Visualizing the Opioid Epidemic

It’s been a while since my last blog post, for a couple reasons: the Ultimate season began and took up much of my free time, and it has been almost two years since the 2016 election- so there’s not a lot of new political data to analyze. Hopefully, now that Ultimate is over for the year and the midterms are right around the corner, I will be able to do some more analysis in the coming months. I’m especially interested in continuing to look for electoral anomalies, seeing as how the Russians appear to again be meddling in the midterms.

But until then, I wanted to share a visualization that I made of the rapid rise of the opioid epidemic:

Figure 1: Annual drug poisoning rate per 100,000 people by county. The epidemic started in Appalachia and New Mexico, but has since spread to nearly every corner of the country.
Figure 1: Annual drug poisoning rate per 100,000 people by county. The epidemic started in Appalachia and New Mexico, but has since spread to nearly every corner of the country.

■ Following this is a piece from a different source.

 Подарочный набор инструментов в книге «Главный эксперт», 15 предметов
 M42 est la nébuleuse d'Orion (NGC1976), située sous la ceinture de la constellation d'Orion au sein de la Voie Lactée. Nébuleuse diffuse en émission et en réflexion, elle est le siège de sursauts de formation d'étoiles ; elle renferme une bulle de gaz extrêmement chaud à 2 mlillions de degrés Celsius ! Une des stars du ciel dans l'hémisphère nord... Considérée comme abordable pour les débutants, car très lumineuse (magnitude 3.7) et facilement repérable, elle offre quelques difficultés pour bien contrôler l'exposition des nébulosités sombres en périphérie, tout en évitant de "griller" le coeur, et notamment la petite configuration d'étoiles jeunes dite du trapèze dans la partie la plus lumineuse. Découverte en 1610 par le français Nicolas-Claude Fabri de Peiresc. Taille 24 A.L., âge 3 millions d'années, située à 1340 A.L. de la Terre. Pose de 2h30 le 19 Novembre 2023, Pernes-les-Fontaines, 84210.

The data for the animation above comes from the CDC, and covers the years 1999 through 2015. One caveat of note: this data is the total drug poisoning rate, including overdoses from non-opioids. But it’s safe to say that the bulk of the deaths in the animation come from opioids. Just consider Rio Arriba County, New Mexico: at first I thought that the high rate there was a typo in the data, but it is in fact mostly related to heroin and other opioids.

I should also note that the CDC doesn’t give exact numbers for the drug poisoning rate, but gives a range (e.g. 10.1-12.0 per 100,000). I used the lower end of the range to be conservative, meaning the actual rate is higher than it is shown in the animation. Because the maximum range given by the CDC data is just “greater than 30”, in some counties (like Rio Arriba) the true rate is actually much higher.